Biosorption of Solophenyl Red 7BE Dye onto Raw Sunflower Seed Hulls: Characterisation, Ionic Strength Effects, Kinetics and Isotherm Modelling

Anionic textile dyes released into wastewater streams pose a significant environmental challenge because of their chemical stability, poor biodegradability, and adverse effects on aquatic ecosystems. This study investigates, for the first time, the removal of the anionic dye Solophenyl red 7BE using the low cost biosorbent Sunflower seed hulls. The adsorption process was conducted in batch mode at room temperature under neutral conditions. The biosorbent was used in its raw form. The adsorbent was characterized using several characterization techniques such as the Fourier-transform infrared spectroscopy, thermogravimetry, X-ray diffraction and scanning electron microscopy coupled with Energy Dispersive X-ray spectroscopy.
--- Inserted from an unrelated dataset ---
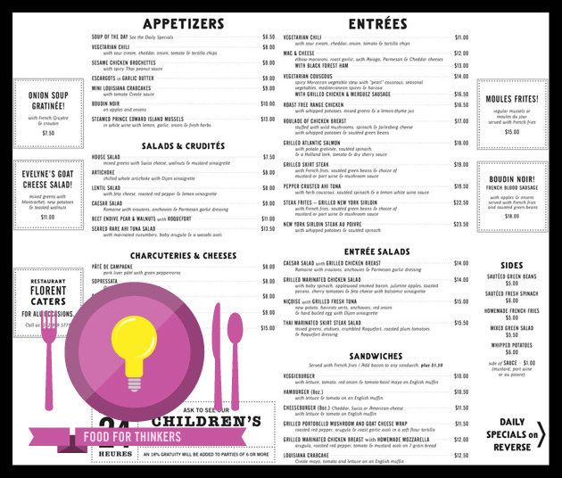The New York Public Library's historic menu collection is one of the most impressive in the world, and its treasures are frequently featured on librarian Rebecca Federman's blog, Cooked Books. As part of Food For Thinkers, Federman chose a handful of curious examples—such as the way a childrens' section added to the Cafe Florent menu above tells the story of larger demographic changes in the neighborhood—to reflect on what makes menus such a fascinating subgenre within food writing.
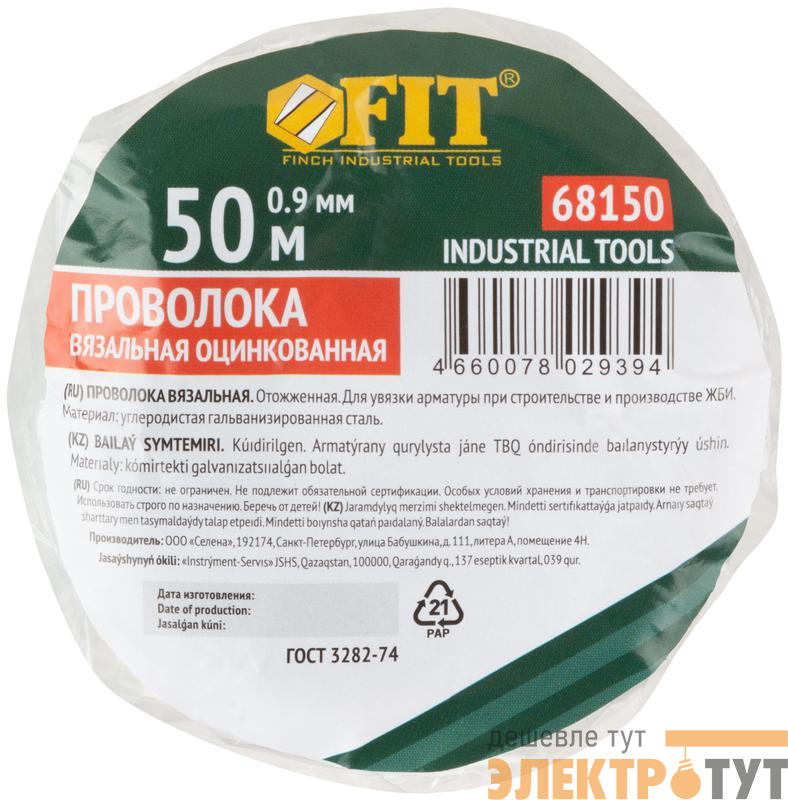 68150 | Проволока вязальная 0.9ммх50м оцинк. FIT

The adsorption mechanisms were discussed using equilibrium isotherms and kinetic models. Results demonstrated that Sunflower seed hulls is a highly effective and sustainable biosorbent for removing the Solophenyl red 7BE textile dye. At an adsorbent dose of 2.5 g / L and in presence of 5.84 g / L of sodium chloride, the Solophenyl red 7BE dye with 20 mg/L initial concentration has been removed with an efficiency above 97%. The addition of sodium chloride improves adsorption about 20% with less biosorbent. The kinetic study and characterization analyses revealed that the adsorption of Solophenyl red 7BE dye is a combination of physisorption and chemisorption mechanisms. The pseudo-first-order kinetic model describes the adsorption dynamic, while Freundlich isotherm provides the best fit for biosorption process. Strong and specific interactions between the dye and the matrix were observed.